POSTED RESPONSE TO A BOOK REVIEW IN THE TELEGRAPH
Hitler suffered several setbacks to his invasion, including the Greek situation. These were important, and might have made the difference, but there were other essential ingredients to the failure of Operation Barbarossa.Hitler unquestionably believed that his army would wrap up the campaign in three months, and he might have been right under ideal conditions. After all, his victories in the West had stunned the world, and he genuinely believed the Russians were untermensch, incapable of competing with Germans. And, as it proved, Stalin went into a drunken stupor after the initial success of the Germans, and no Russian general dared make a major move not approved by Stalin.

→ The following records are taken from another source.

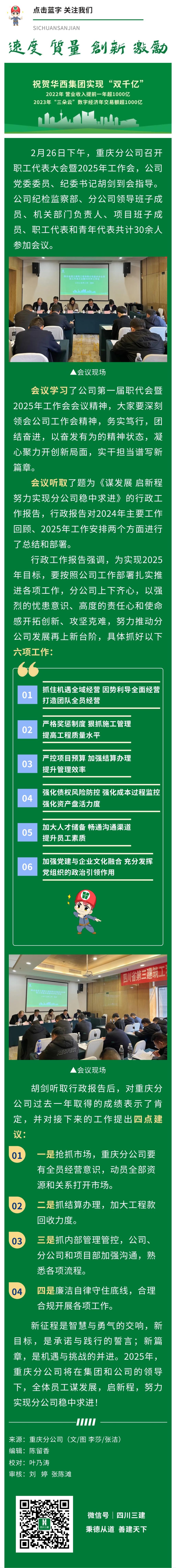 上一条:【三建·喜讯】九工程公司再获凉山州通报表扬 下一条:【三建·要闻】向“新”而行 以“质”致远 ——三华劳务公司召开2025年工作会暨职工大会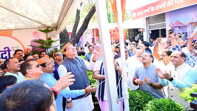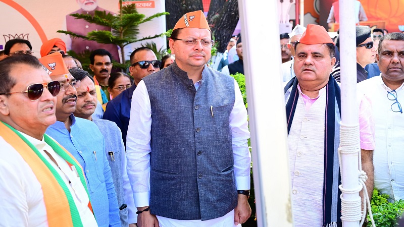 सीएम धामी ने बीजेपी के स्थापना दिवस पर प्रदेश कार्यालय में फहराया झंडा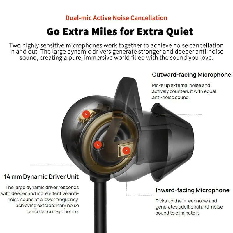 Dos micrófonos altamente sensibles trabajan juntos para lograr la cancelación de ruido dentro y fuera. Los grandes controladores dinámicos generan un sonido anti-ruido más fuerte y profundo, creando un mundo puro e inmersivo lleno del sonido que amas.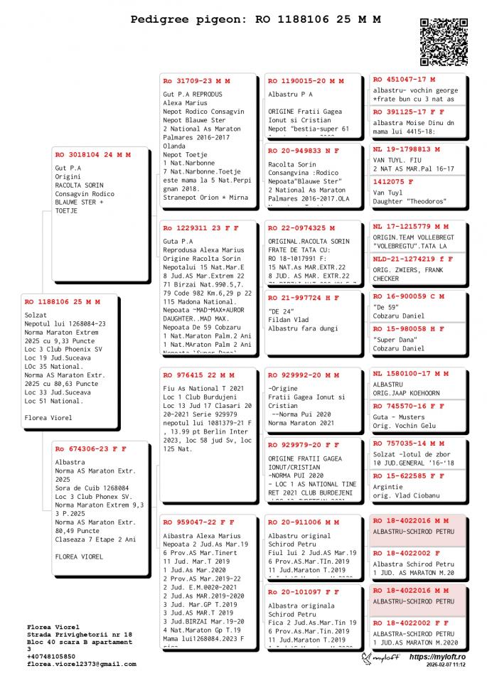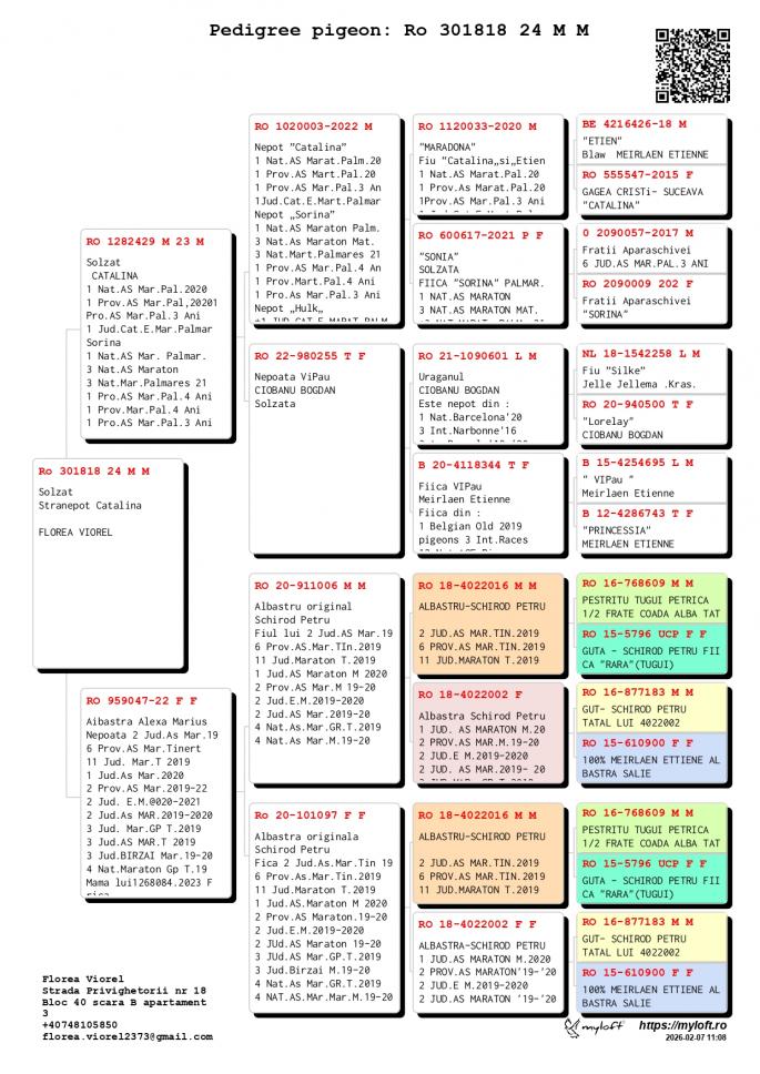 Anul 2025 aduce mai multe rezultate importante, aparute in Catalogul National, atat cu porumbei tineri, cat si cu maturi, confirmand valoarea lotului detinut: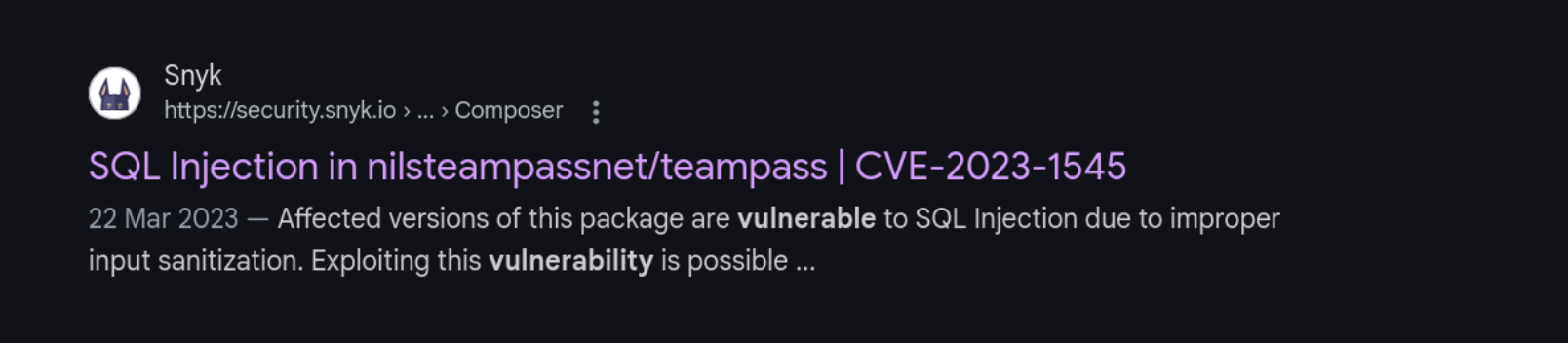 | [Snyk Vulnerability Database | Snyk](https://security.snyk.io/vuln/SNYK-PHP-NILSTEAMPASSNETTEAMPASS-3367612) |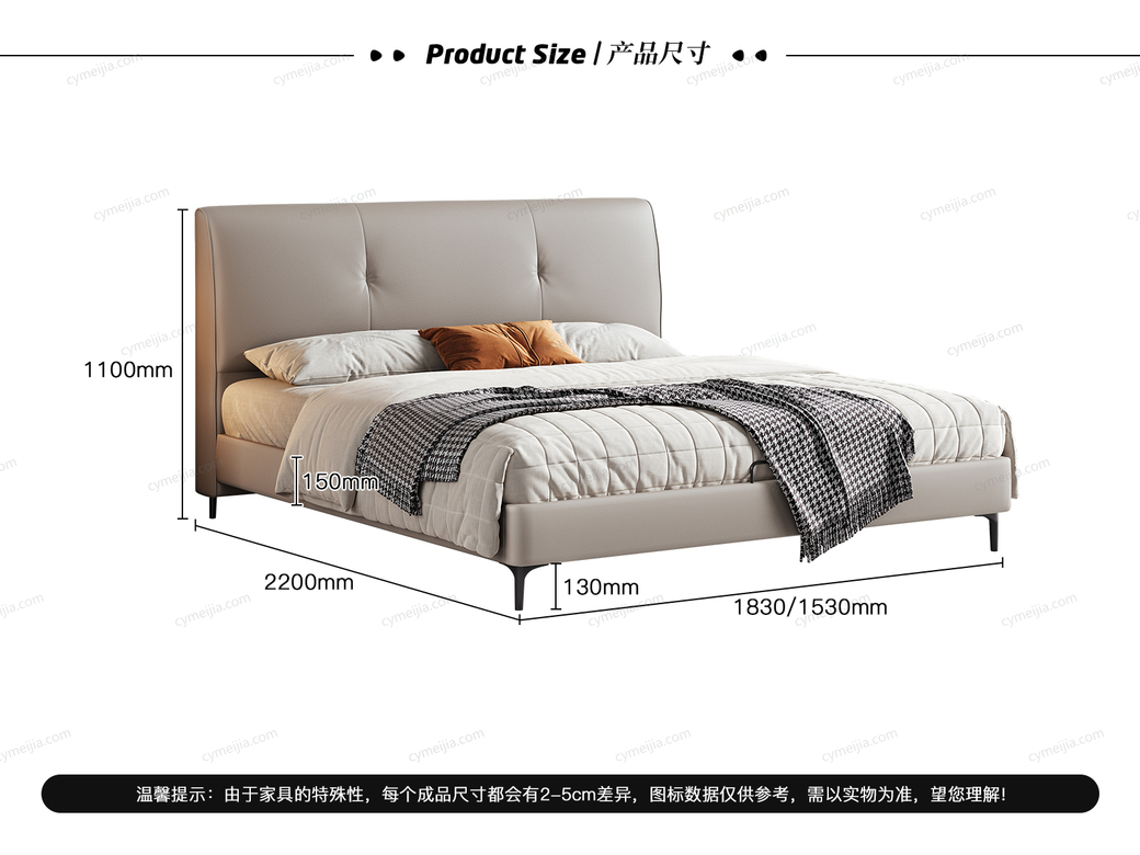 | 适配床垫 : | 长2000*宽1500*高210mm |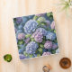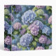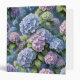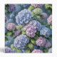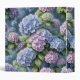 Clusters of vibrant hydrangea flowers in shades of blue and purple with green leaves on a soft, muted background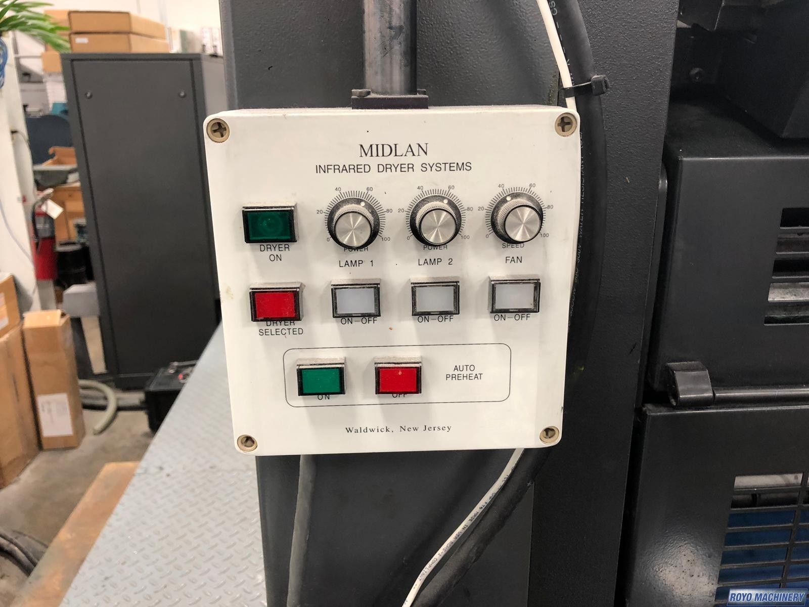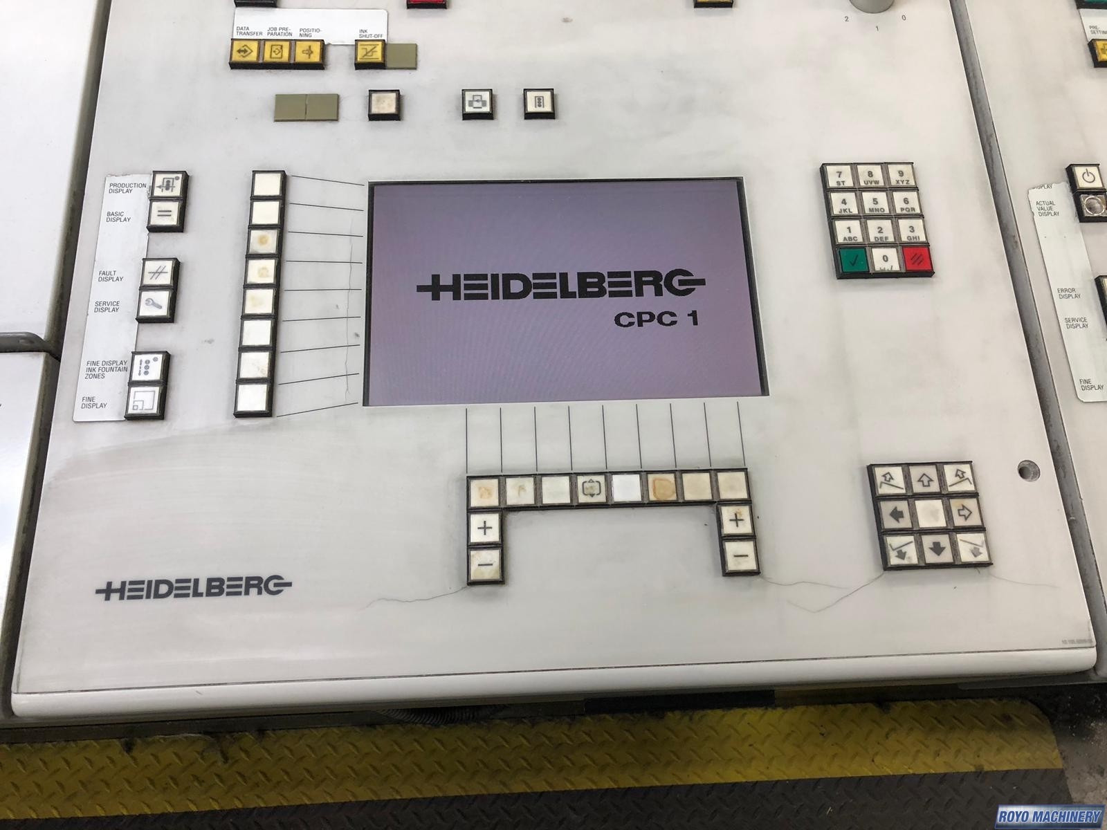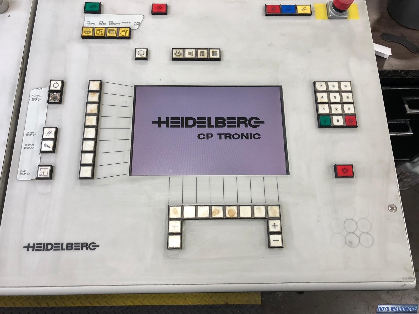 Suction Tape on Feeder, Stream Feeder, Electronic sidelay control, Preset, Preset Feeder, Low pile delivery, Double sheet detector, Diagonal Register, Automatic Blanket Roller and Impression Cylinder Wash, Silver Series Machine, Bacher pin register on clamps, Autoplate, Mediprint Spray Powder Unit, Alcolor Dampening, 15000 sph, Technotrans Refrigerated Recirculator, CPTronic, CPC 1.04

Hitler started the invasion believing in a fantasy idea of the abilities of Russians, and anyone who undertakes a great destructive task motivated by fantasy usually fails, just as the Crusaders centuries before. But it is important to keep in mind that Hitler’s racial fantasies were perhaps no sillier or less factual than the religious beliefs of many: he was not mad – several psychiatric studies have said so – but he had a foolish, superstitious, and destructive faith.
Germany’s taking over the best Russian lands – without their people or with the people reduced to slaves – was unquestionably Hitler’s great mission in life. All else was prologue. He believed he was a kind of savior for the German people in achieving their destiny.
Germany’s destiny, as he saw it, was to be able to do what America had done in building a vast empire that ultimately created the kind of economies of scale in its markets to be a great economic force in the world. Hitler understood these principles, and he knew America had had a relatively easy time of it, facing weak opponents like native people and Spanish settlers.
That is why he insisted on absolute ruthlessness in the Russian invasion: while he had contempt for Russians as people, he knew the numbers were not on his side.
He knew the invasion would be very bloody, and that is why he used it as a cover for the beginning of the Holocaust. He not only believed that the death camps would be lost in the noise and horror of the greatest battle of all time, but his strange religion caused him to believe that, with young Germans dying in the East, it was somehow right that the Jews’ numbers should be reduced.
Hitler’s underrating of the Russians included military technology, but, while Germany was in many areas more advanced, the Russians produced some very effective weapons, including perhaps most importantly the T-34 tank. Stalin also kept vast armored reserves hidden in the East, reserves of which Hitler was not fully aware. They proved decisive when the Germans had expended their first great energy.
Winter played a role in Hitler’s defeat of course, but the fierce heroism of the Russians stunned the world as well as Hitler.